Алёша пропустил её вперед, а затем несколько раз провернул большим железным ключом в замочной скважине. Серая кошка потрусила по безлюдной улице, над которой сгустилась бархатная синева ночи. В небе, сапфировом с востока, плавно переходящем в маренго с зеленоватыми переливами на западе, уже горела первая звезда. Жёлтые пятнышки окон местами неуверенно подсвечивали сквозь ветви садов по обе стороны улицы.

– Я пойду, – улыбнулась Маша. – Спокойной ночи!

– Всего хорошего, – с вежливой прохладой в голосе ответил он, не торопясь спускаться со ступенек лестницы. Маша легко сбежала вниз, выскользнула за калитку и скрылась в темноте. Алёша почувствовал досаду: зачем она так быстро ушла? Хотелось догнать её сейчас же. Но это было глупо. Он провёл пальцем у ворота: подрясник внезапно показался тесным. Шумно выдохнув, Алёша пошёл к калитке, защёлкнул замок и вдруг наступил на что-то. В луче фонарика ярким пятном появился красный, распластанный в дорожной пыли женский кошелёк. Изящный, новенький, с золотистыми пряжками. Алёша поднял его и, отряхнув от пыли, ласково подумал: «Маша-Маша… Растеряша». В груди снова расплылось тёплое, нежное чувство. Алёша радостно стиснул лакированный кошелёк и, не размышляя больше, побежал вверх по улице.

– Мария! Маша! – выкрикнул он. – Постойте!

Он скоро нагнал её. Фонарик, как прожектор, издалека высветил стройную фигурку. Маша обернулась и прикрыла рукой глаза от белого пучка света. Алёша подбежал к ней и протянул кошелёк:

– Вы потеряли.

– Спасибо. – Она одарила его сияющей улыбкой.

– Я провожу вас, – по-родительски строго произнёс Алёша, – а то вы ещё что-нибудь умудритесь потерять или сломать.

Маша рассмеялась:

– Не откажусь. Но я не всегда такая неловкая… Правда-правда!

Её голос и смех, колокольчиковый, искристый, как утренняя игра солнечных зайчиков на воде, нравились Алёше. У третьих ворот от развилки, увенчанных художественной ковкой, Маша остановилась:

– Мы пришли. Ещё раз спасибо!

– Будьте внимательнее, – назидательно сказал он.

Уже взявшись за ручку калитки, Маша задержалась и вдруг сообщила с надеждой в голосе:

– А нас попросили в клубе выступить завтра вечером… на открытой сцене. В девять…

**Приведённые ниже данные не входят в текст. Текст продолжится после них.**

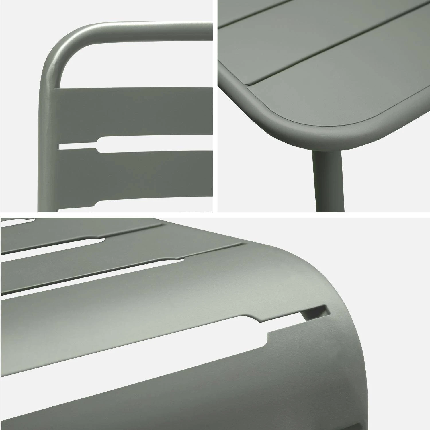 La table de jardin Amélia et ses 6 chaises sont en acier robuste qui dispose d’un traitement antirouille pour une meilleure longévité. Ainsi, l’humidité de l’extérieur ne viendra pas abîmer et attaquer sa matière. Adaptée à une utilisation extérieure, l’ensemble possède des lattes et des bords arrondis qui lui apportent un réel charme ! L’eau de pluie est facilement évacuée à l’aide des fentes de la table bistrot.

– Бог в помощь, – сказал Алексей, отчаянно скрывая волнение. – Мне надо идти.

– До свидания!

Маша скрылась за калиткой. А он прошёл десять метров в сторону скита. И вернулся. Неведомо зачем. Из-за ворот слышался смех – её смех, звонкий, переливчатый. Алёша долго стоял с замирающим сердцем, подслушивая чужое веселье. В смехе Маши не было едкой насмешки, сарказма или деланого кокетства, только будничная радость человека, которого ничто не гнетёт. Со двора доносилась шутливая перепалка весёлой компании. И, несмотря на затаённую злость на недавних насмешников, послушник позавидовал им. Ему захотелось так же, как они, беззаботно смеяться над глупостями и болтать о пустяках, быть просто олухом двадцати лет без тяжёлого прошлого за спиной, быть кем угодно – только не собой! Чувство одиночества, что казалось спасительным, душило теперь, не жалея. Алёша поторопился обратно к скиту.

* * *

В трапезной заканчивали ужин братия и трудники, дружно стуча ложками по тарелкам. Алёша сел за стол и осенил себя крестным знамением. Брат Филипп побаловал сегодня итальянским ризотто на кубанский манер, свежей выпечкой и ароматным компотом из слив. Высокий и тощий, как жердь, брат Серафим пожаловался, что переел, тошнит его и клонит в сон, на что Филипп задорно спросил: «Братушка, уж не беременный ли ты? Сходил бы к доктору». Под общий хохот православных Серафим замолчал.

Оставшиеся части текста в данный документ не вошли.